> **Records for this task**
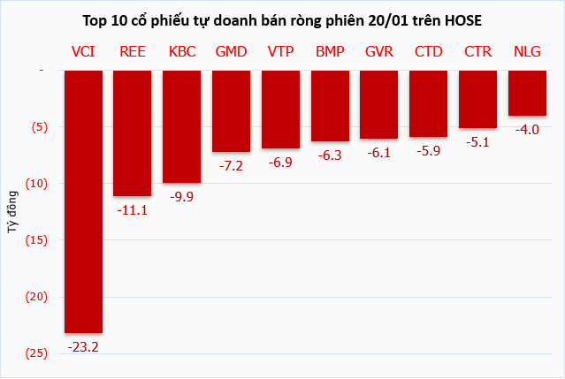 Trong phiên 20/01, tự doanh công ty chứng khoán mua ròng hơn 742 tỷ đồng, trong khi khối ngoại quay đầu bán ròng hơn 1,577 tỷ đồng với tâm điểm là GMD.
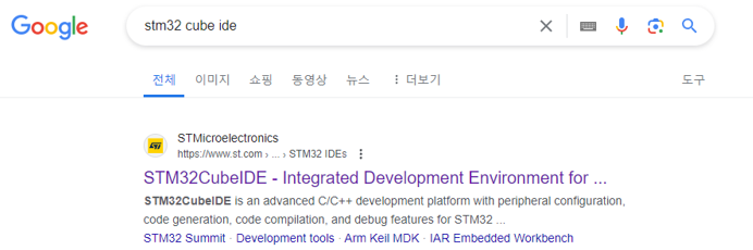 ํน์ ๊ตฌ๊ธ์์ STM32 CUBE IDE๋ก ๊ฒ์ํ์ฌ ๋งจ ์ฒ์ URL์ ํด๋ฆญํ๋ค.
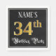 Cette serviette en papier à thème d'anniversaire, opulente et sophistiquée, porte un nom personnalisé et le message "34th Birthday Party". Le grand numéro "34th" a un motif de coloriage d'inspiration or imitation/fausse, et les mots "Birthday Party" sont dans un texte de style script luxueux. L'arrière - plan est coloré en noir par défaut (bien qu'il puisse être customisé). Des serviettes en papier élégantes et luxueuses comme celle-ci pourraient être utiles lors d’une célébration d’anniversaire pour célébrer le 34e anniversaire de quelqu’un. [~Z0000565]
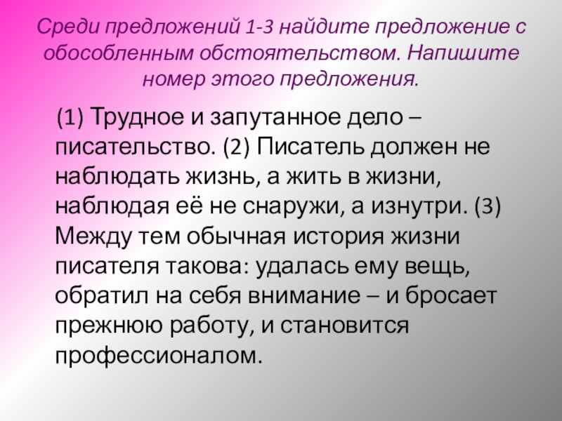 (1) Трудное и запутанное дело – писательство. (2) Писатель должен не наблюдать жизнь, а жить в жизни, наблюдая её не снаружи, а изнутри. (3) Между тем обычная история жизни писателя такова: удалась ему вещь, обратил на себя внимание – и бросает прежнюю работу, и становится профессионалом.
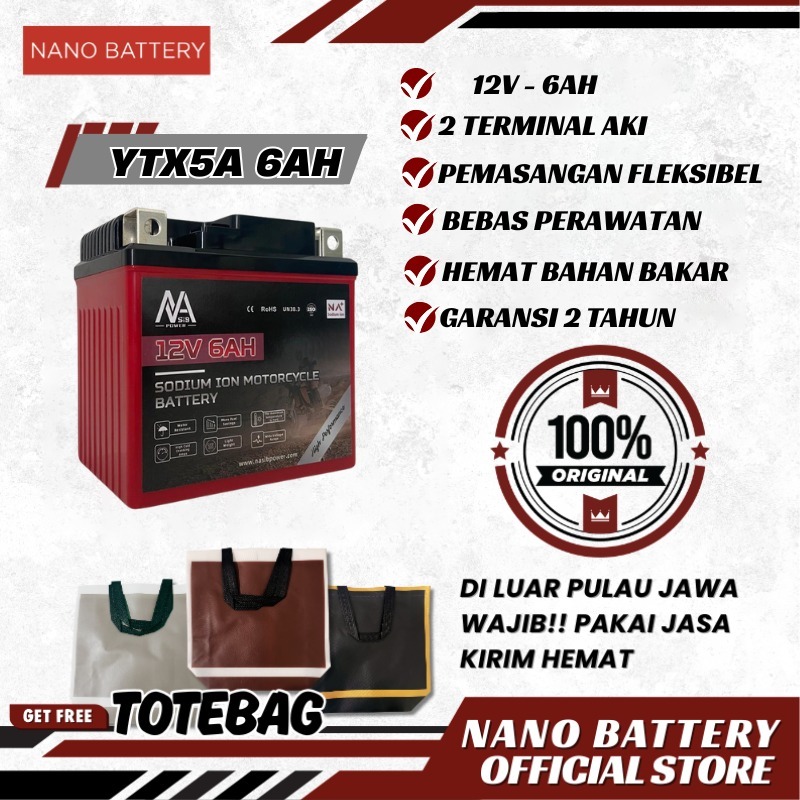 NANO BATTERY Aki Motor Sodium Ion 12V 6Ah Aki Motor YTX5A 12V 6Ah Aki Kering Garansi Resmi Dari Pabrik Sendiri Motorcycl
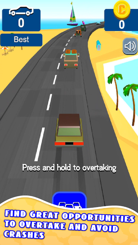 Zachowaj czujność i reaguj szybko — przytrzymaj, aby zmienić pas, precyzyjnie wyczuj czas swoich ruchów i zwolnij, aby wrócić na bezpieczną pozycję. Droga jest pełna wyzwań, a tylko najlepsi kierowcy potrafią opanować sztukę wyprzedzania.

* * *

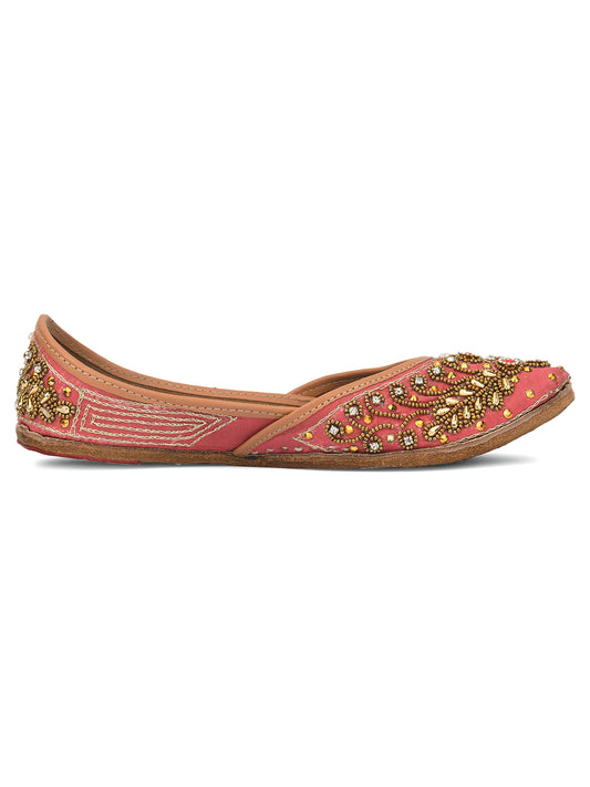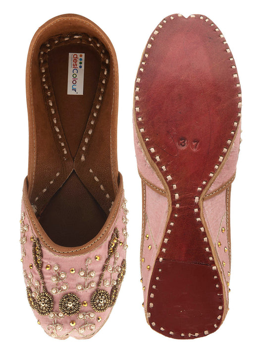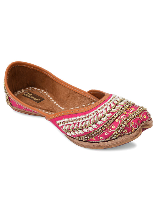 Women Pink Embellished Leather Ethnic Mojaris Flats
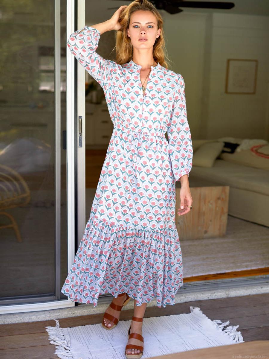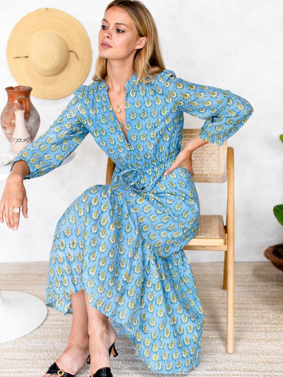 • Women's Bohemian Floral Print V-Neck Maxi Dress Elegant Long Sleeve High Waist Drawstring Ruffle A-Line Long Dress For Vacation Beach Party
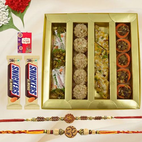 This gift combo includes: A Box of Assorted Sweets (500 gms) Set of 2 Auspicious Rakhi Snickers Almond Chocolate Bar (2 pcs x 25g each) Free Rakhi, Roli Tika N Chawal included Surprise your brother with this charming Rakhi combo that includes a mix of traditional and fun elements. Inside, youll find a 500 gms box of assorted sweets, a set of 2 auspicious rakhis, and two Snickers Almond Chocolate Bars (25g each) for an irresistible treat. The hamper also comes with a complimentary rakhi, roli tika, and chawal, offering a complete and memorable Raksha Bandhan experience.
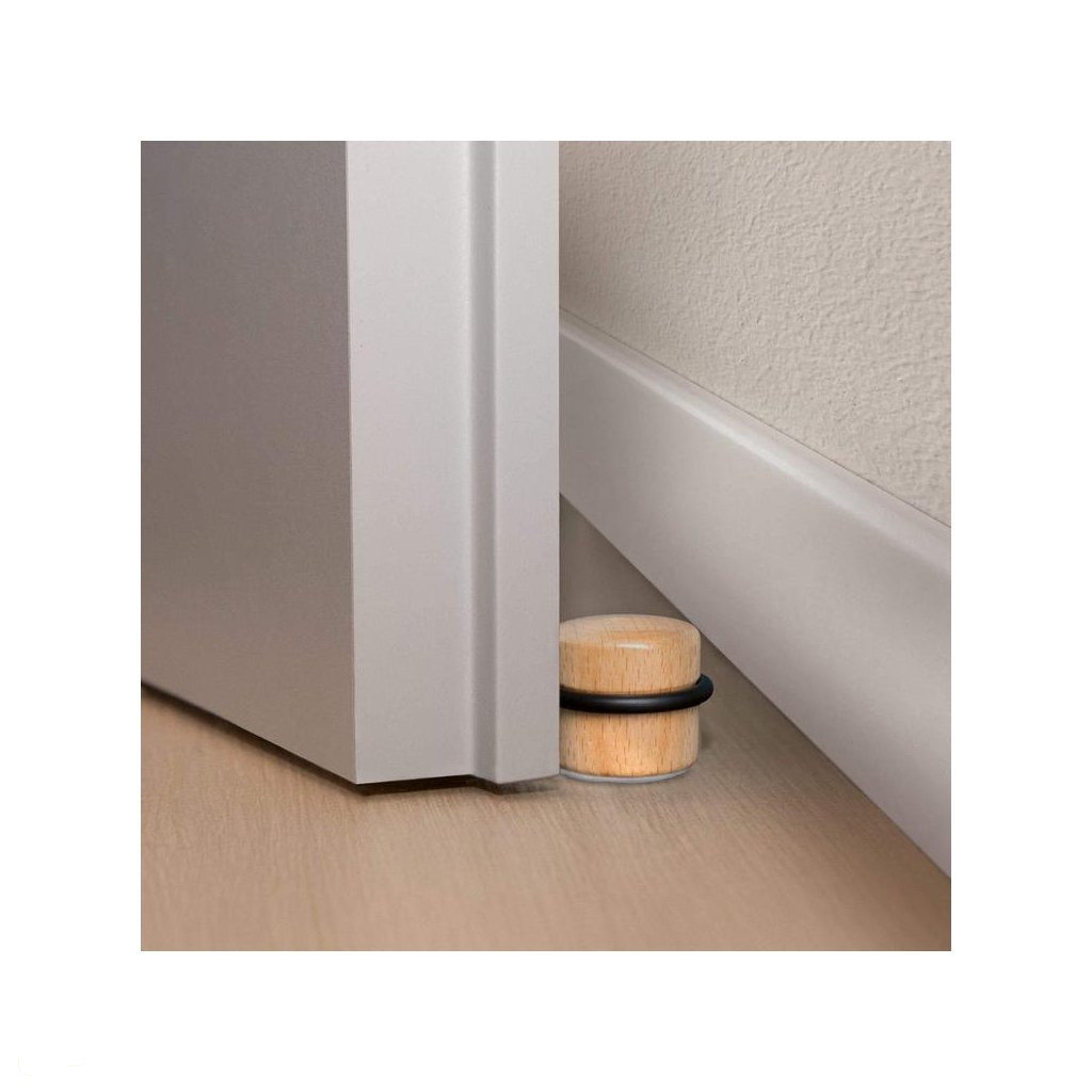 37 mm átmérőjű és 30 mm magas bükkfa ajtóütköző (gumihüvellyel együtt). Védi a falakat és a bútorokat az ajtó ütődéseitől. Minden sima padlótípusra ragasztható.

==

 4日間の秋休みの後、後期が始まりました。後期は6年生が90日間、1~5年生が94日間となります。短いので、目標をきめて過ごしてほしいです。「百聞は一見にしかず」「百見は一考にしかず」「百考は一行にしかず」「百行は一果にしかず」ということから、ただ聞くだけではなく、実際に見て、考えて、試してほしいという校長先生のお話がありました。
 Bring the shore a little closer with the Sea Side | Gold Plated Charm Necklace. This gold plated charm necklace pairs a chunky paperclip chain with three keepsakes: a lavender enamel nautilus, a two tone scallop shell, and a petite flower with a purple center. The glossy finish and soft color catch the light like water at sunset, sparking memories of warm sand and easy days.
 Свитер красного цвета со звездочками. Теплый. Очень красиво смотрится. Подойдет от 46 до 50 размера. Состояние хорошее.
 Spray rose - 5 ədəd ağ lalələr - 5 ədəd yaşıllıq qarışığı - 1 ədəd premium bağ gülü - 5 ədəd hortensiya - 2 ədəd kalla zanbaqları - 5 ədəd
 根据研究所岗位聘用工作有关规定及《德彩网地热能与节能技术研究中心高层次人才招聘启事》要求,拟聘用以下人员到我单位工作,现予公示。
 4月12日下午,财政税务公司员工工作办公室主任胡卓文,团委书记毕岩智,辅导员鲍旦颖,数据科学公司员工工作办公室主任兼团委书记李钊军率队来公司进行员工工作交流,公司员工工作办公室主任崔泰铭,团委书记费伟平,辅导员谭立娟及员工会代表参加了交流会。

> **What you will do**
Exactly the lines above, from the one containing "(1) Трудное и" down to the one containing "Zachowaj czujność i", are to be repeated, including both ends. Pictures are not part of the copy.

> **Result**
 (1) Трудное и запутанное дело – писательство. (2) Писатель должен не наблюдать жизнь, а жить в жизни, наблюдая её не снаружи, а изнутри. (3) Между тем обычная история жизни писателя такова: удалась ему вещь, обратил на себя внимание – и бросает прежнюю работу, и становится профессионалом.
 NANO BATTERY Aki Motor Sodium Ion 12V 6Ah Aki Motor YTX5A 12V 6Ah Aki Kering Garansi Resmi Dari Pabrik Sendiri Motorcycl
 Zachowaj czujność i reaguj szybko — przytrzymaj, aby zmienić pas, precyzyjnie wyczuj czas swoich ruchów i zwolnij, aby wrócić na bezpieczną pozycję. Droga jest pełna wyzwań, a tylko najlepsi kierowcy potrafią opanować sztukę wyprzedzania.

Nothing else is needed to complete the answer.